The recurring image of the church is the most conclusive evidence to support my point that Woolf is exploring larger spiritual questions here than merely the role of the artist. The profits raised by the play, we and are told, will be used to install electric light in the church, thus “illuminating” it (i.e. “enlightening” it?). Convention, in this case symbolized by the Christian church, works as a blind which veils reality. Though Woolf questions the church, and its adherents’ unexamined belief in it, she doesn’t ridicule believers. Lucy, in her earnest search for spiritual meaning via her Christian faith, is respectfully and sympathetically rendered. Yet her brother’s thoughts about her - “How imperceptive her religion made her! The fumes of that incense obscured the human heart. Skimming the surface she ignored the battle in the mud.” – also carry weight. And still, again, we must consider that it is the Reverend who, at the end of the play, offers what is (in my opinion) a plausible interpretation not only for the play, but for the novel itself. “…we are members one of each other. Each is part of the whole. […] We act different parts; but are the same.” The Buddha himself can hardly explain interconnection better. And isn’t it lovely that it comes from a man of God in Woolf’s vision? What do you make of that?

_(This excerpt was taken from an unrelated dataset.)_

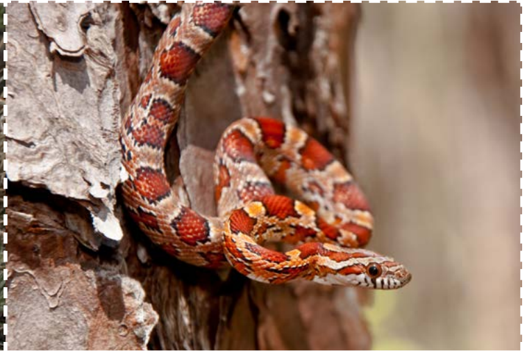
Hotdog (Corn snake)

For reasons as yet unclear to me, Virginia Woolf was either unaware (partially, perhaps, but surely not totally), or unable to accept or openly acknowledge the teachings of Buddhism, despite the fact that they crop up all over her work: nothing is solid, everything is constantly changing, true reality is hidden, everything ends, the past and the future are no longer with us; all we have is the present moment, and that is often painful. Or maybe the truth is that she understood Buddhism, but also recognized the necessity of finding another, and another, and still another way to convey these truths in order to reach as many audiences, and as much of herself, as possible. Most probably, it is all of these, and more. Between the Acts is conflicting, unclear, momentary, fleeting, weighty, beautiful, and melancholy because that is how life is. It is the work of a brilliant mind trying and, in my opinion, succeeding at inventing a new plot – that of exploring life as it really is: troubling, tense, and full of contradictions.